Say we have the following deployment:
apiVersion: apps/v1
kind: Deployment
metadata:
...
spec:
replicas: 2
template:
spec:
containers:
- image: ...
...
resources:
requests:
cpu: 100m
memory: 50Mi
limits:
cpu: 500m
memory: 300Mi
And we also create a HorizontalPodAutoscaler
object which automatically scales up/down the number of pods based on CPU average utilization. I know that the HPA will compute the number of pods based on the resource requests, but what if I want the containers to be able to request more resources before scaling horizontally?
I have two questions:
1) Are resource limits even used by K8s when a HPA is defined?
2) Can I tell the HPA to scale based on resource limits rather than requests? Or as a means of implementing such a control, can I set the targetUtilization
value to be more than 100%?
No, HPA is not looking at limits at all. You can specify target utilization to any value even higher than 100%.
Hi in deployment we have resources requests and limits. As per documentation here those parameters acts before HPA gets main role as autoscaler:
- When you create a Pod, the Kubernetes scheduler selects a node for the Pod to run on. Each node has a maximum capacity for each of the resource types: the amount of CPU and memory it can provide for Pods.

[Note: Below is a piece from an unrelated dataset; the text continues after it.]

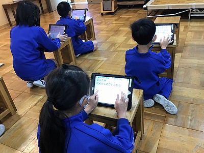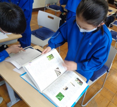 今日は、国語が2時間ありました。2時間目は、図書室の「百科事典」で、百科事典の使い方について学習します。インターネットで検索する事が簡単になっている中で、百科事典というものの存在すら知らなかった4年生が多く、「初めて見た」という声が多く上がりました。百科事典を使って、実際に言葉を調べたり、問題を作ったりしながら、百科事典に触れる1時間になりました。
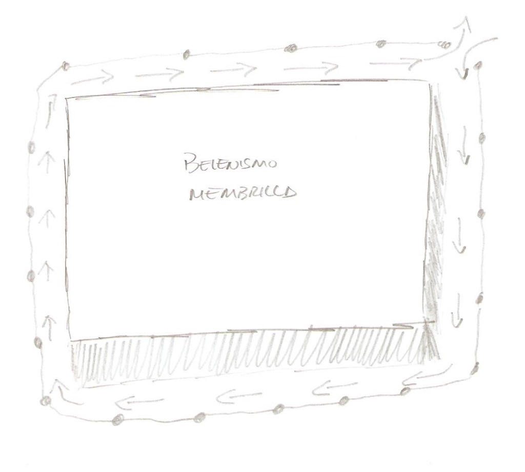 Planta central. Se necesita un espacio grande y tiene la ventaja de que se puede ver el belén por las cuatro caras. Los espectadores van rodeando el belén. Este es el espacio ideal para cuando se espera recibir muchas visitas. Pero tiene el inconveniente de que no puede colocarse el celaje al estar retirado de la pared.

- Then the kubelet starts a Container of a Pod, it passes the CPU and memory limits to the container runtime.
- If a Container exceeds its memory limit, it might be terminated. If it is restartable, the kubelet will restart it, as with any other type of runtime failure.
If a Container exceeds its memory request, it is likely that its Pod will be evicted whenever the node runs out of memory.
On the other hand:
The Horizontal Pod Autoscaler is implemented as a control loop, with a period controlled by the controller manager’s (with default value of 15 seconds). The controller manager queries the resource utilization against the metrics specified in each HorizontalPodAutoscaler definition.
Note: Please note that if some of the pod’s containers do not have the relevant resource request set, CPU utilization for the pod will not be defined and the autoscaler will not take any action for that metric.
Hope this help